PROVIDED DATA =
----
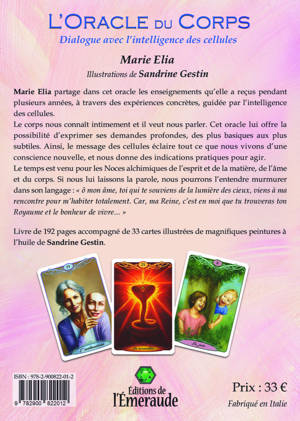 Marie Elia partage dans cet oracle les enseignements qu’elle a reçus pendant plusieurs années, à travers des expériences concrètes, guidée par l’intelligence des cellules. Le corps nous connaît intimement, et il veut nous parler. Cet oracle lui offre la possibilité d’exprimer ses demandes profondes, des plus basiques aux plus subtiles. Ainsi, le message des cellules éclaire tout ce que nous vivons d’une conscience nouvelle, et nous donne des indications pratiques pour agir. Le temps est venu pour les Noces alchimiques de l’esprit et de la matière, de l’âme et du corps. Si nous lui laissons la parole, nous pourrons l’entendre murmurer dans son langage : « ô mon âme, toi qui te souviens de la lumière des cieux, viens à ma rencontre pour m’habiter totalement. Car, ma Reine, c’est en moi que tu trouveras ton Royaume et le bonheur de vivre… ». Livre de 192 pages accompagné de 33 cartes illustrées de magnifiques peintures à l’huile de Sandrine Gestin.
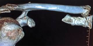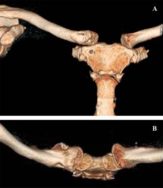 Figura 2: Reconstrucción 3D de tomografía axial computarizada de clavícula. Demostrando luxación anterior de articulación esternoclavicular derecha.
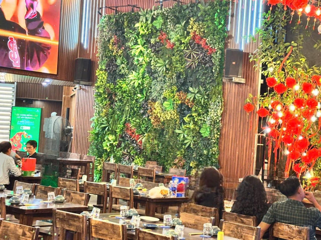 Đặc biệt với những quán ăn đông khách, nhiều bàn ghế gỗ hoặc thiết kế kín, tường cỏ giúp cân bằng thị giác, làm không gian mềm mại và bớt ồn ào hơn.
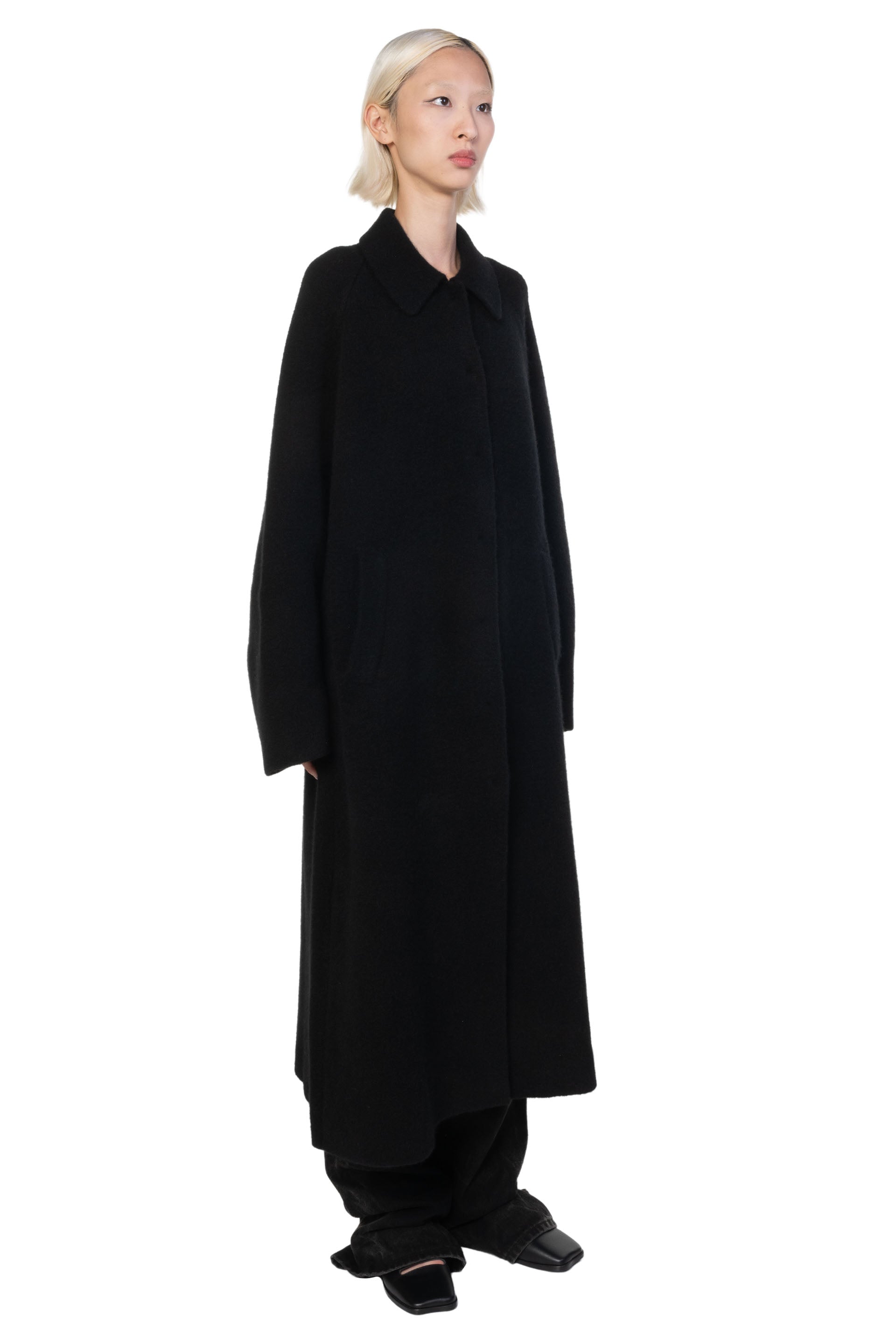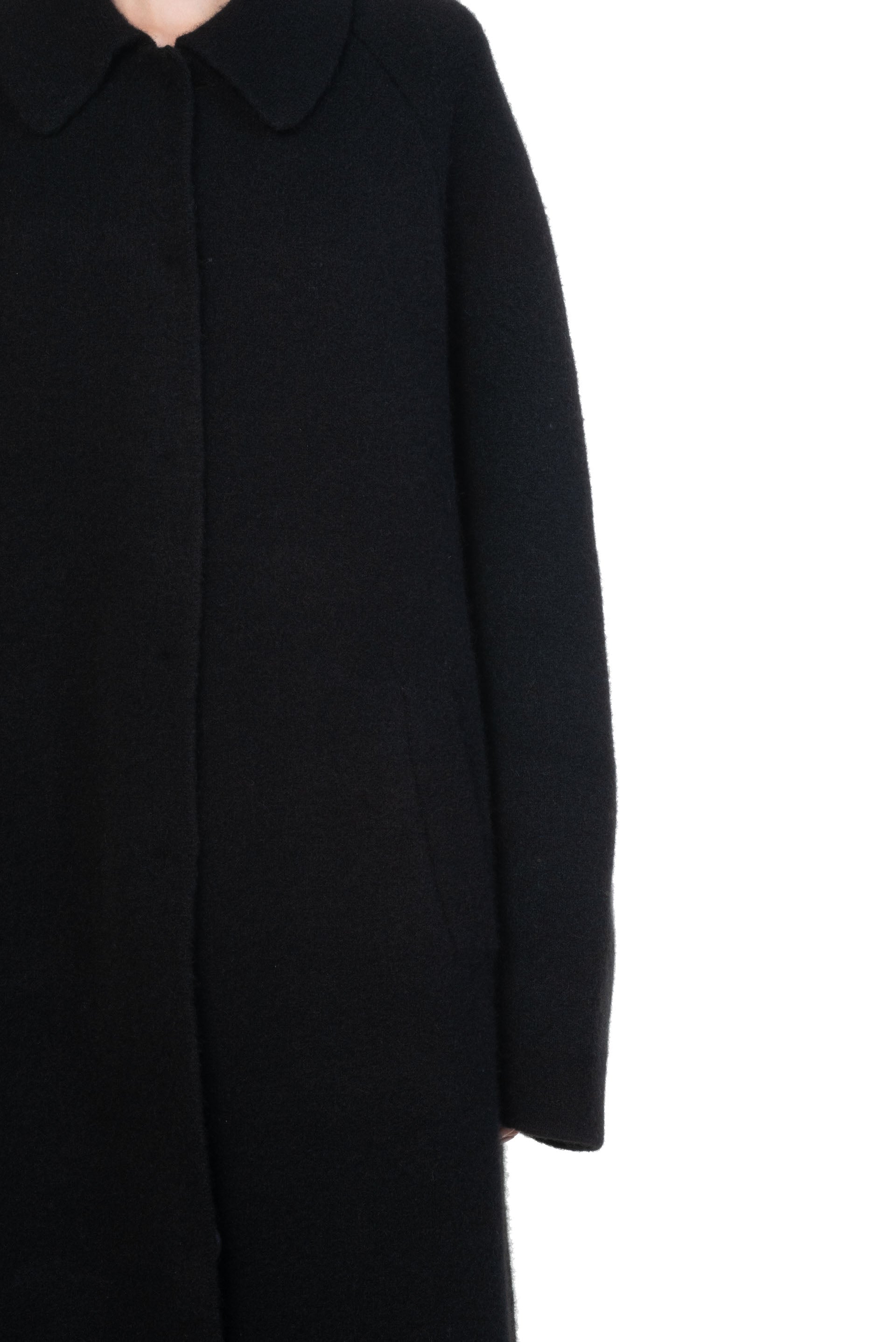 Black Yak wool coat from Boboutic. Classic collar. Long sleeves. Button closure at front. Hidden button system. Two side pockets. Signature Yak mix. Soft textural fabric. Lightweight.
----
TASK STATEMENT =
Pictures stay out; the data above is to be returned exactly.

EXPECTED OUTPUT =
 Marie Elia partage dans cet oracle les enseignements qu’elle a reçus pendant plusieurs années, à travers des expériences concrètes, guidée par l’intelligence des cellules. Le corps nous connaît intimement, et il veut nous parler. Cet oracle lui offre la possibilité d’exprimer ses demandes profondes, des plus basiques aux plus subtiles. Ainsi, le message des cellules éclaire tout ce que nous vivons d’une conscience nouvelle, et nous donne des indications pratiques pour agir. Le temps est venu pour les Noces alchimiques de l’esprit et de la matière, de l’âme et du corps. Si nous lui laissons la parole, nous pourrons l’entendre murmurer dans son langage : « ô mon âme, toi qui te souviens de la lumière des cieux, viens à ma rencontre pour m’habiter totalement. Car, ma Reine, c’est en moi que tu trouveras ton Royaume et le bonheur de vivre… ». Livre de 192 pages accompagné de 33 cartes illustrées de magnifiques peintures à l’huile de Sandrine Gestin.
 Figura 2: Reconstrucción 3D de tomografía axial computarizada de clavícula. Demostrando luxación anterior de articulación esternoclavicular derecha.
 Đặc biệt với những quán ăn đông khách, nhiều bàn ghế gỗ hoặc thiết kế kín, tường cỏ giúp cân bằng thị giác, làm không gian mềm mại và bớt ồn ào hơn.
 Black Yak wool coat from Boboutic. Classic collar. Long sleeves. Button closure at front. Hidden button system. Two side pockets. Signature Yak mix. Soft textural fabric. Lightweight.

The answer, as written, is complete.